Like you I have a major anniversary coming up. The big 20, as a matter of fact it's tomorrow. I don't understand how the mind works sometimes. All it wants to do is dwell on the negative. I've always had problems with resentment and this one's a real big one. I'm always questioning his motives, I'm afraid to push him away and tell him I don't believe he wants to stay because then he may leave. What I want is a man to loves me with all his heart, who is concerned about how I feel and most of all to appreciate and be considerate of me. All he wants to do is put it in the past like it never happened. Pretend it didn't happened and go on like before. I can't do that. This whole thing has changed me. I don't like the change at all. I'm looking for that magic something that will transform me into who I know I should be and this whole thing has left me numb, uncaring of the daily routine. I'm unable to find joy anywhere and it is just not me. Where did I go? Will I ever come back?

Well I guess I need to just persevere. We are going away this weekend to celebrate our 20th. Damn if I've been able to find a card!! lol Nothing fits. I wonder if Hallmark has a type of card for the BS? Right now life sucks, but I have to believe it will get better.

Anyway I share your pain, and wish you strength.

CrazyHeart422

Hurts have taught me never to give up loving
Be willing to take another risk and chance, otherwise tomorrow may be empty.

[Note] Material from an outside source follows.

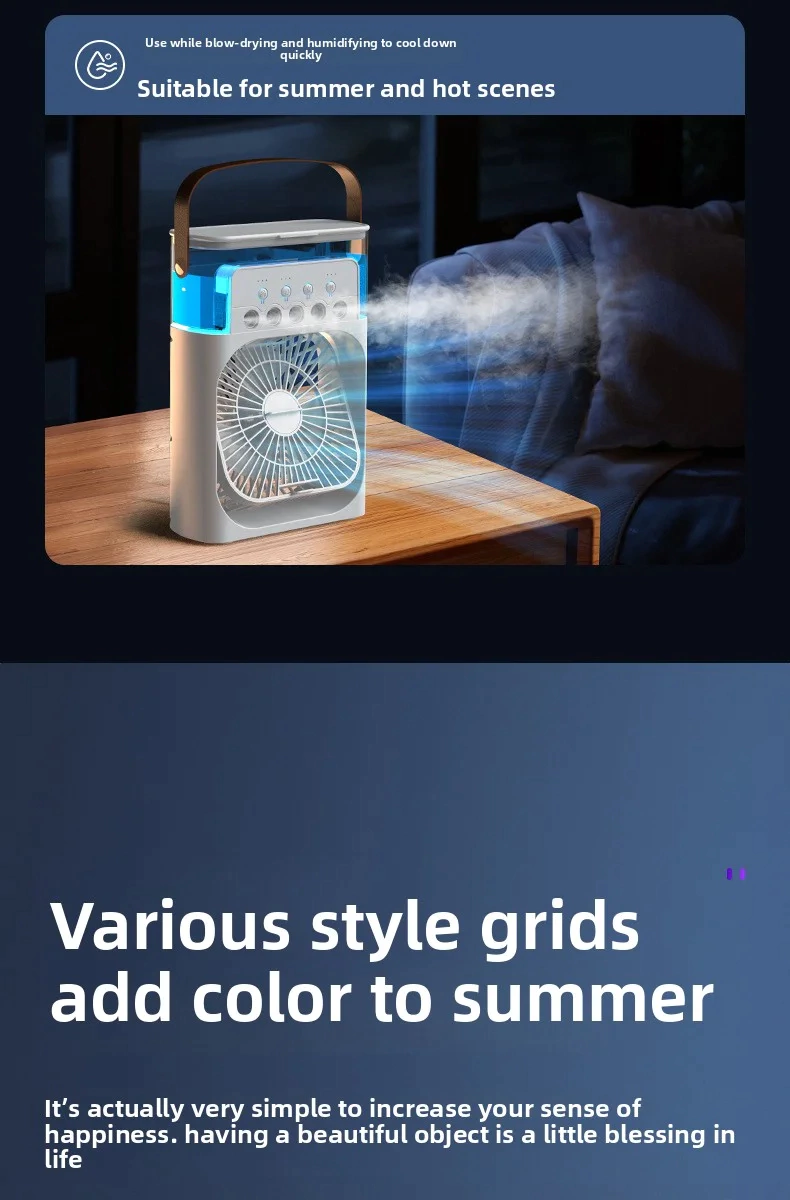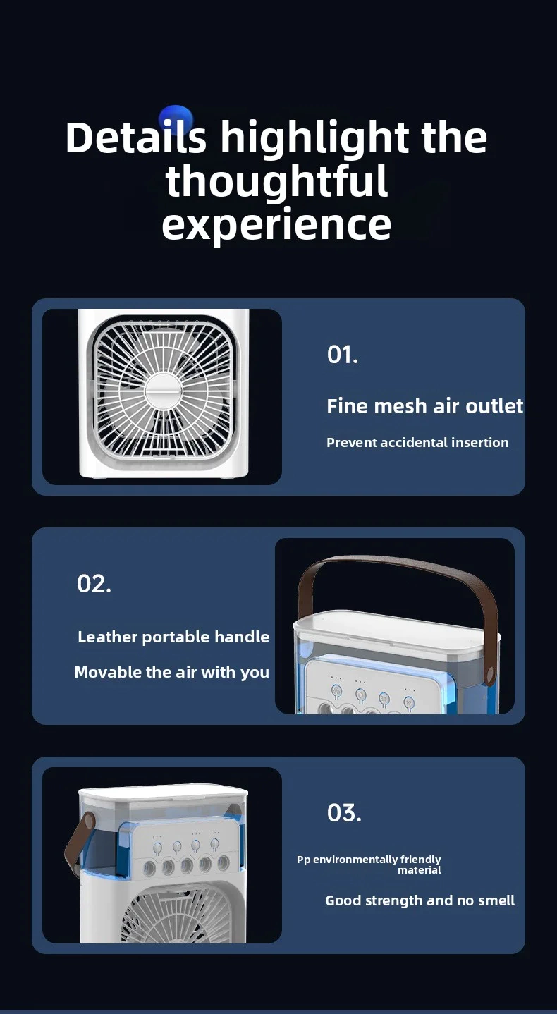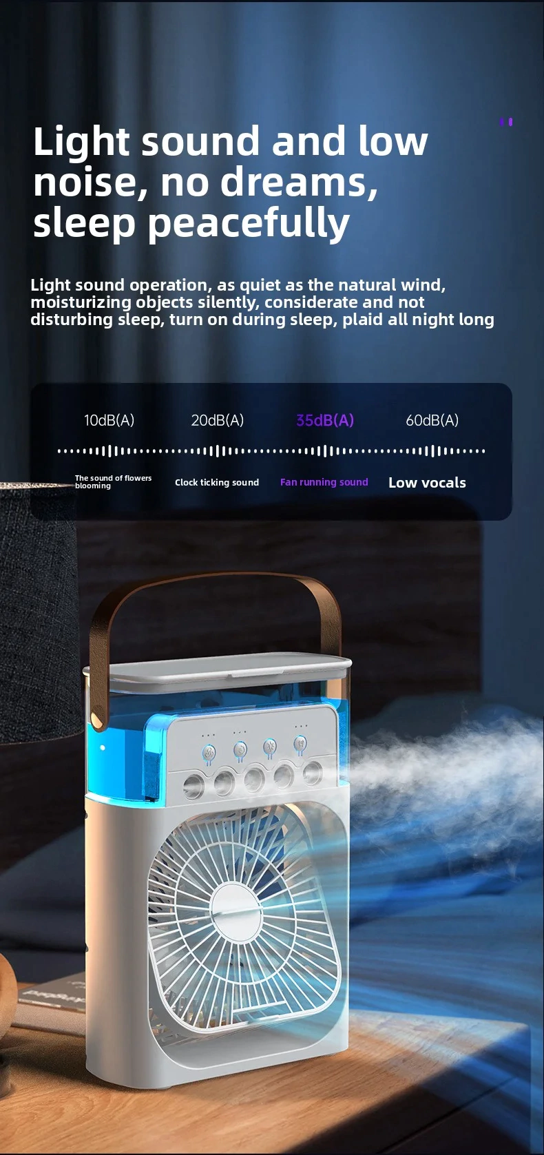 * 7 COLORES Y BAJO RUIDO: Este ventilador enfriador de aire portátil utiliza un diseño de luz de 7 colores para proporcionar una iluminación suave.Encendido* FUNCIÓN 3 EN 1: Contiene las funciones de ventilador, aire acondicionado y humidificador de aire.Si sientes que el aire está muy seco y caliente, cómpralo.No es sólo un enfriador de aire personal, sino también un humidificador de aire.En el caluroso verano, cuando agregas hielo y agua al fregadero, sentirás el aire fresco y disfrutarás del verano helado.Al mismo tiempo, en otoño e invierno, humedece el aire.

Hurts have taught me never to give up loving Be willing to take another risk and chance, otherwise tomorrow may be empty.
iVillage Member
Registered: 07-18-2010
Sat, 08-28-2010 - 10:20am

Struggling with the similar thing myself...need to think through it.


DDay was Oct 1st...32nd aniversery at end of Oct. October used to be my favorite time of year...now it just replays the worst day of my life. We were at a point where he said he did not want to lose me and wanted to give her up but couldn't. I was a basket case, but hopeful that he would come to his senses...an emotional rollercoaster for both of us. He travels and was out of town on our aniversary...sent me flowers and sent me a sweet note. I found out the next week, he came back early and was with her on that day.

iVillage Member
Registered: 08-31-2009
Mon, 08-30-2010 - 8:38pm

i have been married for a little over 33 years. my husband is a serial cheater, his last nonsense started back in 03, but i did not find out about it until 06. i immediately took my wedding ring off of my left hand and put it on the right. hell, it is huge my more importantly I BOUGHT IT. he, well he never wore one, always had an excuse, lies, all of the excuses were lies. truth be told wearing it would have hampered his image - AS HE WAS TROLLING FOR WOMEN POSING AS A WIDOWER.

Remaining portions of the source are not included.